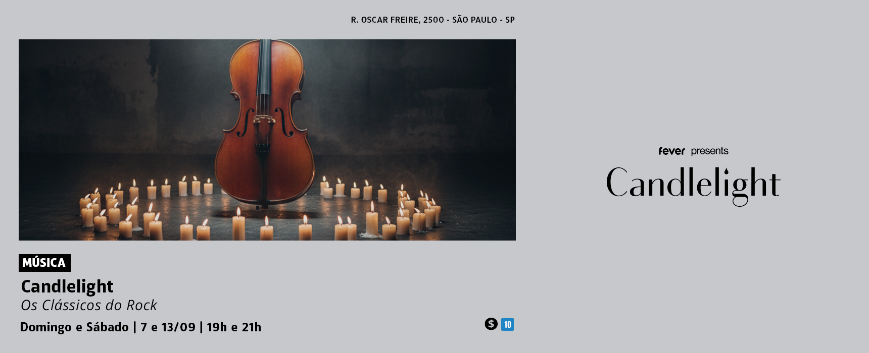 A série de concertos Candlelight apresenta espetáculos intimistas de música instrumental, criados pela plataforma global de entretenimento Fever para levar a magia da experiência musical ao vivo aos locais mais sublimes de São Paulo. Os concertos acontecem em ambientes iluminados à luz de velas, executados por diferentes formações orquestrais.
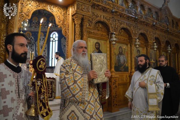 Μετά το πέρας της Θείας Λειτουργίας, ο Σεβασμιώτατος, ευχαρίστησε το χορό των ιεροψαλτών, τις κυρίες της διακονίας και ιδιαιτέρως τους πατέρες του Ιερού Ναού για την ποιμαντική τους μέριμνα.
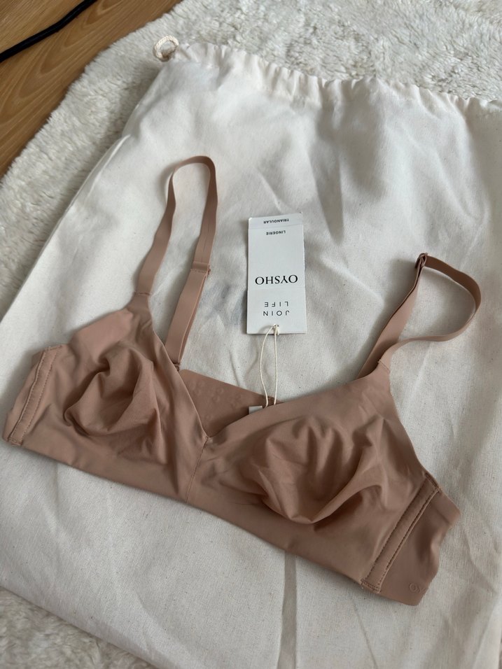 Bej renkte, minimal tasarımlı, normal midi uzunlukta ve desen içermeyen sütyen. Ayarlanabilir askılar ve sade normcore stili bulunur. Marka: OHSYO.
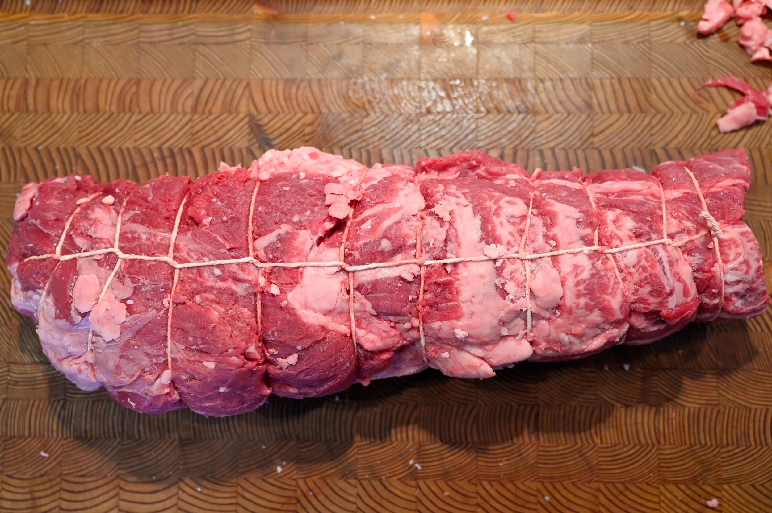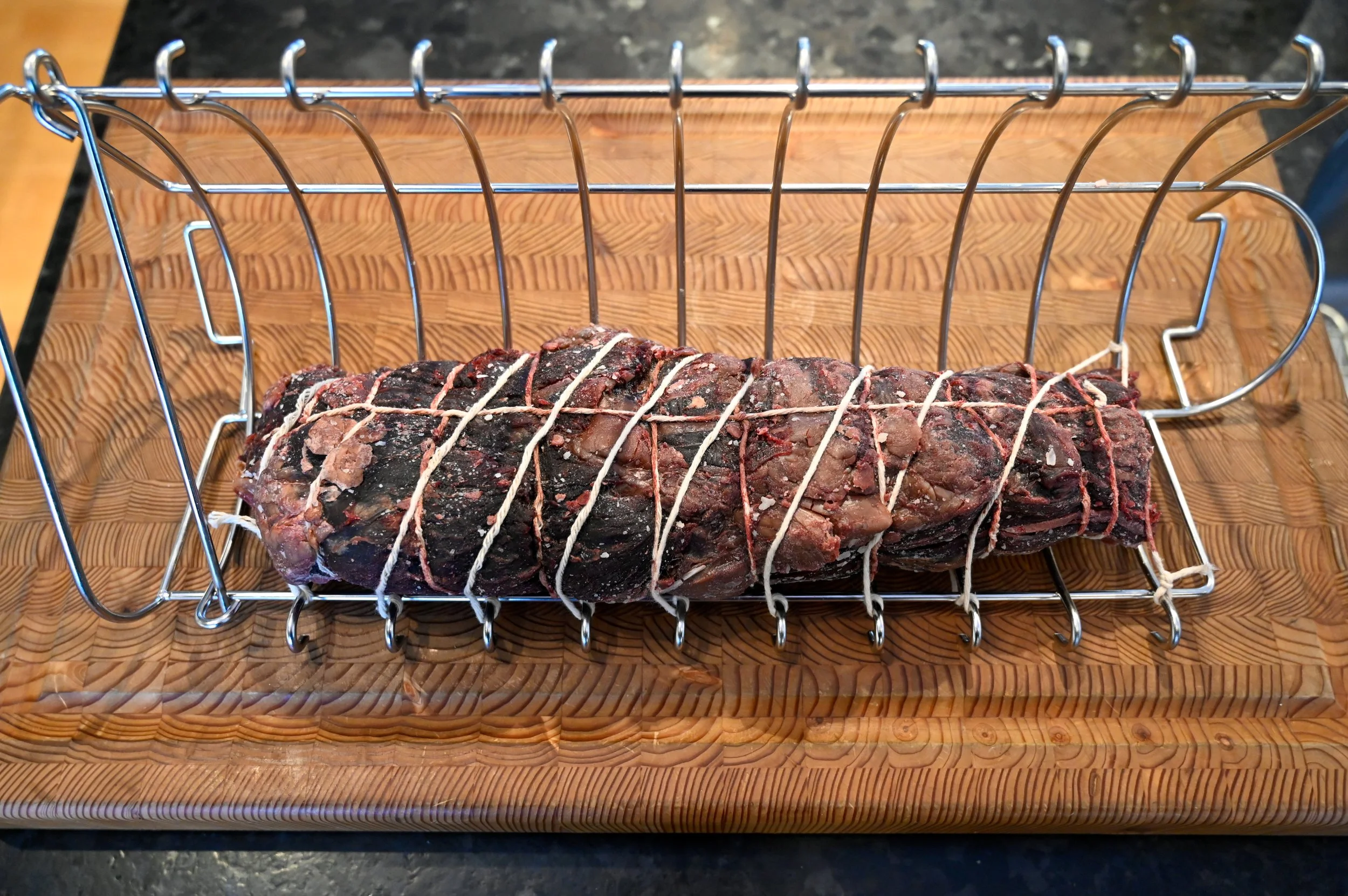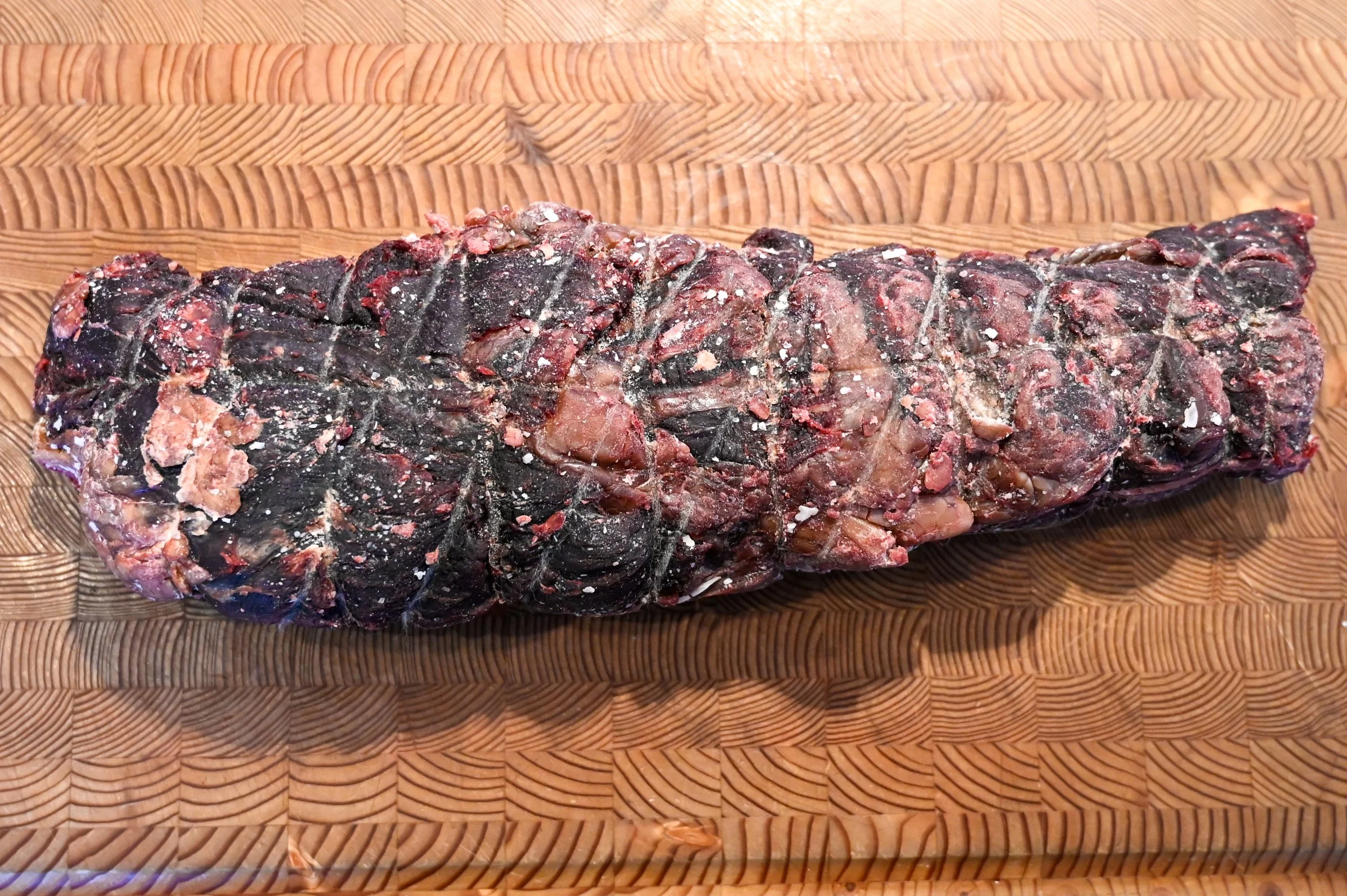 Filet tied off to create a reasonably uniform diameter so meat would hold its shape an DA evenly.

## YOUR GOAL
Drop the pictures and copy the data exactly.

## EXERCISE RESPONSE
 A série de concertos Candlelight apresenta espetáculos intimistas de música instrumental, criados pela plataforma global de entretenimento Fever para levar a magia da experiência musical ao vivo aos locais mais sublimes de São Paulo. Os concertos acontecem em ambientes iluminados à luz de velas, executados por diferentes formações orquestrais.
 Μετά το πέρας της Θείας Λειτουργίας, ο Σεβασμιώτατος, ευχαρίστησε το χορό των ιεροψαλτών, τις κυρίες της διακονίας και ιδιαιτέρως τους πατέρες του Ιερού Ναού για την ποιμαντική τους μέριμνα.
 Bej renkte, minimal tasarımlı, normal midi uzunlukta ve desen içermeyen sütyen. Ayarlanabilir askılar ve sade normcore stili bulunur. Marka: OHSYO.
 Filet tied off to create a reasonably uniform diameter so meat would hold its shape an DA evenly.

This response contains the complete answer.